Live Review: Starfucker @ Drunken Unicorn, April 24

By Julia Reidy

 After two-piece Guidance Counselor,
who shared drummer Keil Corcoran with the headliners, played to a moderate
Saturday night crowd, the aforementioned headliners took the stage without all
the attention-grubbing, social climbing behavior their band’s name might
suggest. Leaving affectation at the door, Portland
quartet Starfucker humbly launched into a
mixture of tracks from their self-titled debut and from their forthcoming
eight-song record Jupiter, out next
month via Badman Recording Co.

Starfucker plays pop, the kind that relies heavily on
synthesizer melodies, dance hall beats, bouncing guitar hooks and Josh Hodges’
breathy vocals, and the Unicorn was absolutely full of all of it. Though
certainly not the only song with a transcendent, shiny dance vibe to it, the
standout of the night had to be “Laadeedaa,” from Starfucker. It features a repetitive guitar riff that’s got a
frantic, too-quick quality about it, to the point that when I heard the first
notes of the song, my curiosity turned toward whether they’d be able to pull it
off faithfully live. But pull it off they did (I made sure to watch the
guitarist’s fingers to suss out whether the riffs were pre-recorded or not),
along with feats from all of their other compositions, all performed
enthusiastically to a boogeying audience.

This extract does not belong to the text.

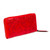 Working in a time-honored artisanal tradition, Mexican artisans Paulina and Maria Jose create this lovely wallet. Crafted from crimson leather, this clutch-style wallet features intricate floral patterns that are carefully tooled by hand. It opens with a zipper to a polyester-reinforced interior that is divided into two compartments via a zipper pocket. This wallet is completed by interior card slots and slots for paper bills.

The best of the set remained those
numbers with more of a sunny indie-rock slant to them. Starfucker forays, as
the name might imply, into disco territory, a musical area that bores me
instantly. Fortunately they didn’t stay there, returning to “Florida,” “Pop Song,” “Rawnald Gregory
Erickson the Second” (which has this awesome
bass line) and even “Myke Ptyson,” a song that relies on super-humanly fast
handclaps on the album, but which survived happily with moderate audience
participation live. The whole show was punctuated by the speaking tracks they
sample on the record (played on an actual turntable on stage), lending an
introspective air to the synthy, dance-centric atmosphere created by the songs
themselves.

And like every satisfying story, the show even ended, for
me, with a moral. Which is that you shouldn’t leave freshly-purchased vinyl
(the pre-release of Jupiter) in your
car’s back seat for 24 hours so it can warp irreparably. Lesson learned.